Record extracts =

******************************

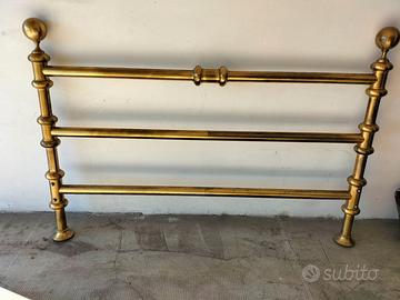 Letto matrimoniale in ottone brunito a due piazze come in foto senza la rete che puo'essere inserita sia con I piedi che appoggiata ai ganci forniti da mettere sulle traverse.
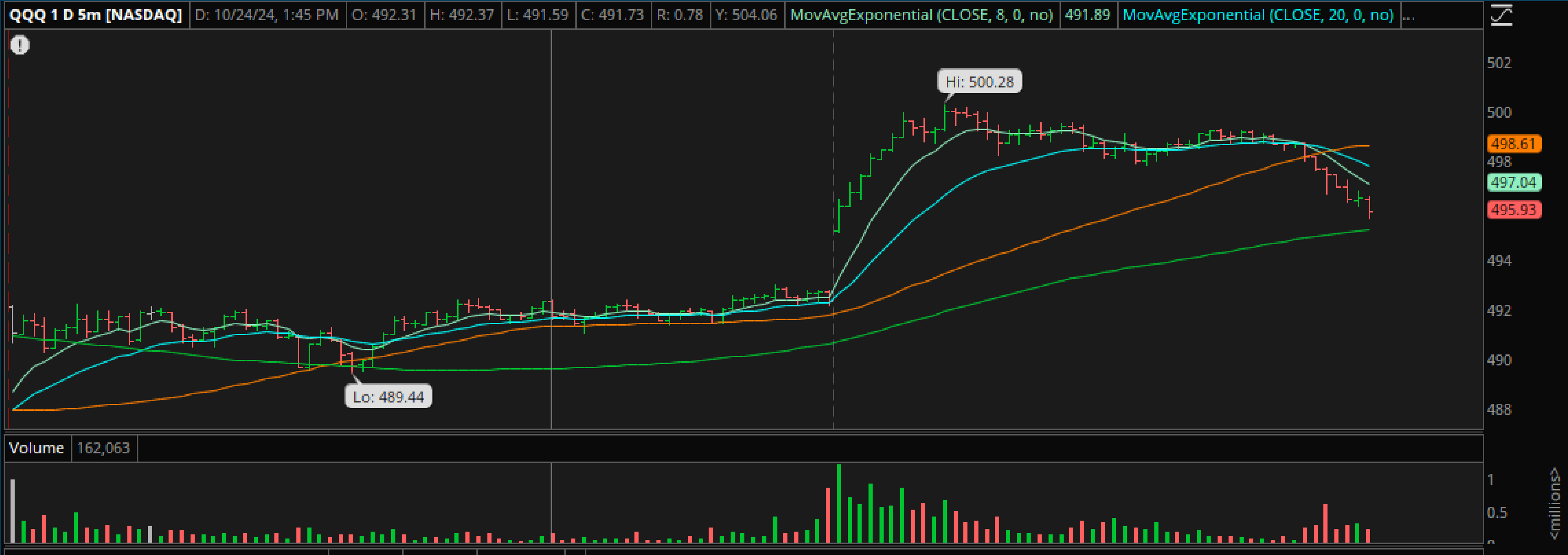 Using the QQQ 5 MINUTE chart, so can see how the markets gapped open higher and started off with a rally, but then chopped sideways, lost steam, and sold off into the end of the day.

******************************

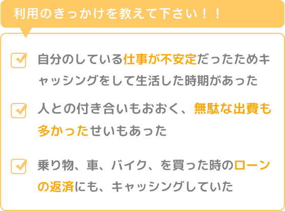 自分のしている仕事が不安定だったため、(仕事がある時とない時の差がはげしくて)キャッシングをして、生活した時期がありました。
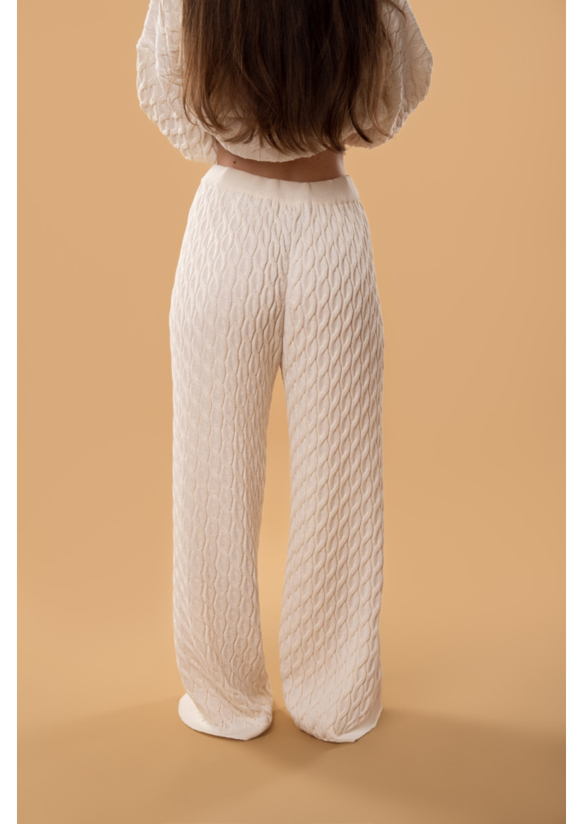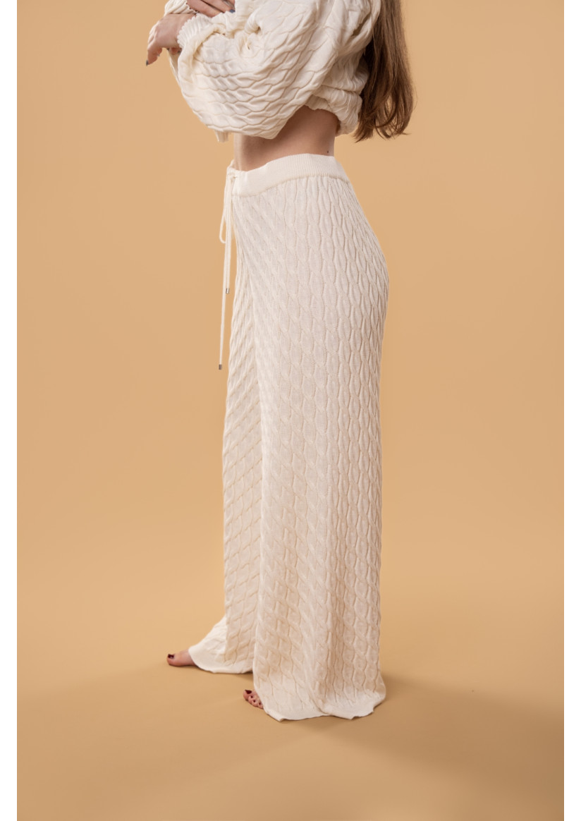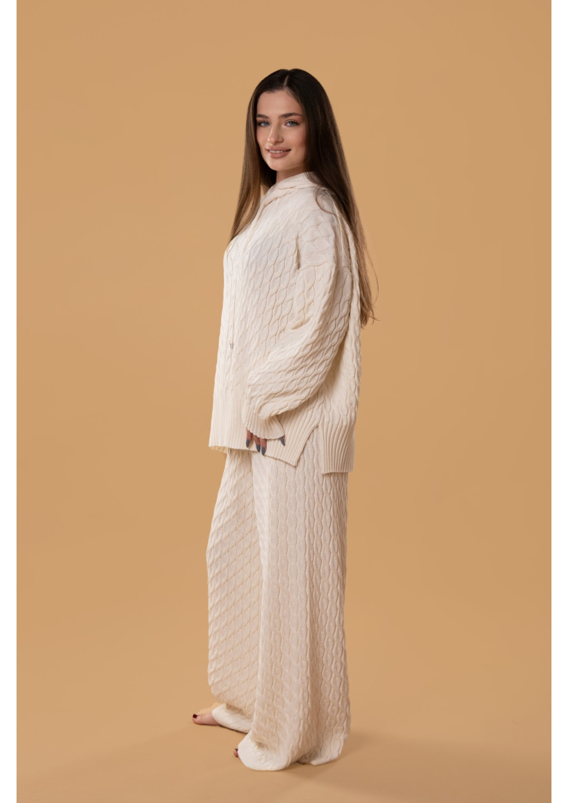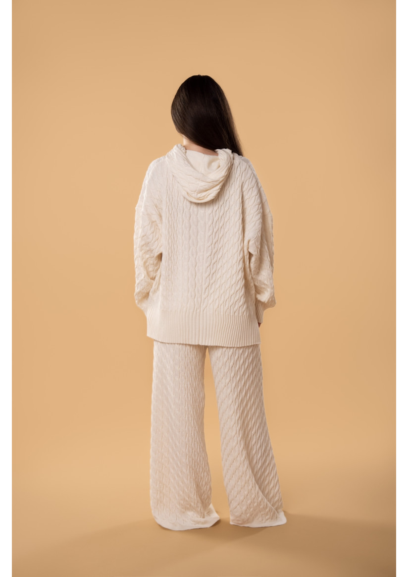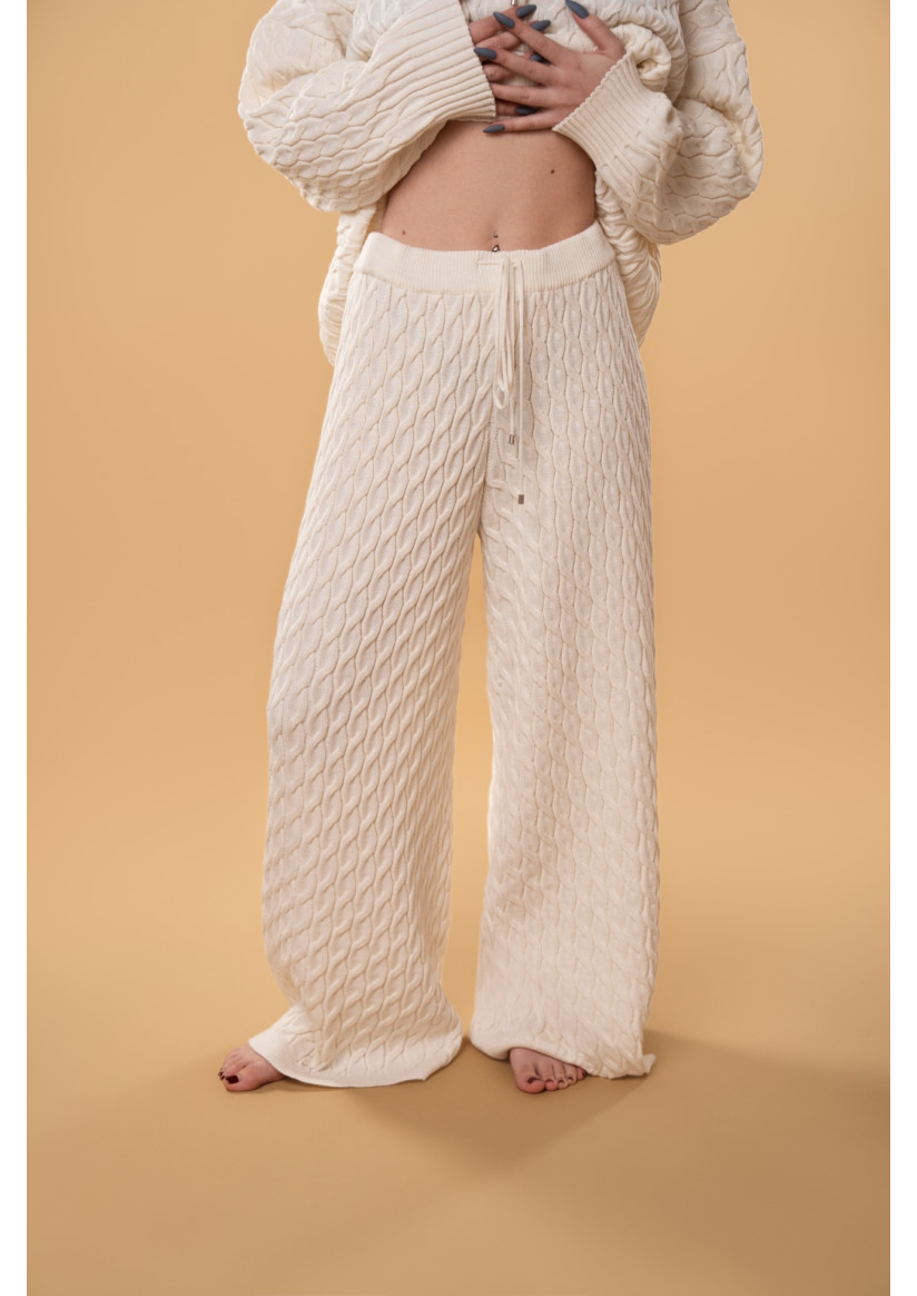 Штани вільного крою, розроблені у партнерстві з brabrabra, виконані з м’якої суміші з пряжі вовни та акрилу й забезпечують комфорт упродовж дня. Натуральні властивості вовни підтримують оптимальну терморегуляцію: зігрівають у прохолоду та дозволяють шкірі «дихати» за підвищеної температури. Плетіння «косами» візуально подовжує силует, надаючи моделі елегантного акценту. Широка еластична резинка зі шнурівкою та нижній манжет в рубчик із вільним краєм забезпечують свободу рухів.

******************************

Task description =
The data above holds the lines to copy: start at the one with "自分のしている仕事が不安定だ", stop at the one with "Штани вільного крою, розроблені", include both, copy them exactly without pictures, and copy nothing else.

Result of this task =
 自分のしている仕事が不安定だったため、(仕事がある時とない時の差がはげしくて)キャッシングをして、生活した時期がありました。
 Штани вільного крою, розроблені у партнерстві з brabrabra, виконані з м’якої суміші з пряжі вовни та акрилу й забезпечують комфорт упродовж дня. Натуральні властивості вовни підтримують оптимальну терморегуляцію: зігрівають у прохолоду та дозволяють шкірі «дихати» за підвищеної температури. Плетіння «косами» візуально подовжує силует, надаючи моделі елегантного акценту. Широка еластична резинка зі шнурівкою та нижній манжет в рубчик із вільним краєм забезпечують свободу рухів.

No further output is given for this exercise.